Min and Gaba (2014) conduct the same validation exercise for villages in Vietnam in 2013. They reach the same conclusions except for the last point: in Vietnam, household-level access to electricity is also correlated with nighttime light satellite images.

See also Chen and Nordhaus (2011).

Use in economics research

The data is becoming popular among economists. Recent examples include Henderson et al. (2012), Papaioanno and Michalopoulos (2013, 2014), and Alesina et al. (2012)Hodler and Raschky (2014) exploit the annual panel nature of the data to find that the birth place of a new national leader becomes brighter after he assumes power. Baskaran et al (2015) relate nighttime light to electoral cycles in India.

Bleakey and Lin (2012) use nighttime light as a measure of spatial distribution of contemporary economic activity, to see whether portage sites still predict where economic activities are concentrated today, long after their original advantage became obsolete. 
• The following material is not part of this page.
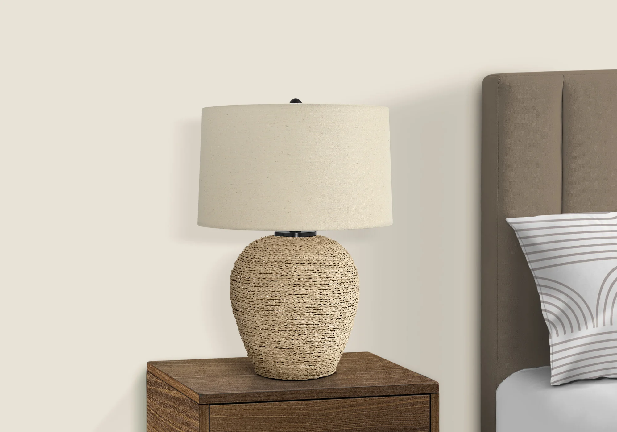 Table Lamp with Ceramic Base and Raffia Shade
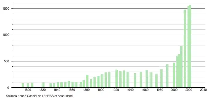 L'évolution du nombre d'habitants est connue à travers les recensements de la population effectués dans la commune depuis 1793. Pour les communes de moins de 10 000 habitants, une enquête de recensement portant sur toute la population est réalisée tous les cinq ans, les populations légales des années intermédiaires étant quant à elles estimées par interpolation ou extrapolation[33]. Pour la commune, le premier recensement exhaustif entrant dans le cadre du nouveau dispositif a été réalisé en 2004[34].

The raw data ranges from 0 to 63. To be used in regression analysis, there are several ways to aggregate the raw data.
  • Henderson et al. (2012), Papaioanno and Michalopoulos (20132014) and Hodler and Raschky (2014) use the nighttime light data as the measure of living standards. They use the logarithm of the average within each spatial unit of analysis.
    • Logarithmic transformation is used because the distribution of nighttime light intensity is right-skewed with around 10% of observations being zero.
    • Papaioanno and Michalopoulos (20132014) and Hodler and Raschky (2014) add 0.01 to the average before taking log, to use the 10% of the observations without light.
  • Alesina et al. (2016) and Baskaran et al (2015) use the average or sum of light values from all pixels within each spatial unit of analysis divided by population.
  • Baskaran et al (2015) also measure the proportion of villages with the positive value of nighttime light at the village centroid. 

To use this dataset as a panel data, one issue is the compatibility of different satellites in measuring light intensity. Henderson et al. (2012) simply take the average if two satellites provide the data for the same year and control for year fixed effects in regression analysis to account for any differences across years. Alternatively, the following book chapter attempts to calibrate values from different satellites to account for inter-satellite differences and inter-annual sensor decay:
Elvidge, Christopher D., Feng-Chi Hsu, Kimberly E. Baugh and Tilottama Ghosh (2014). "National Trends in Satellite Observed Lighting: 1992-2012." Global Urban Monitoring and Assessment Through Earth Observation. Ed. Qihao Weng. CRC Press.
The calibrated version aggregated to the 0.5x0.5 degree cell level is available as part of the PRIO-GRID data.

World Language Mapping System

Compiled by Global Mapping International.

"This dataset consists of polygons covering most of the world, for each language spoken today. The language group locations are accurate for the approximate years of 1990-1995. The data are based on SIL International’s 15th edition of the Ethnologue linguistics database of languages around the world." (Matuszeski and Schneider 2006, p. 11)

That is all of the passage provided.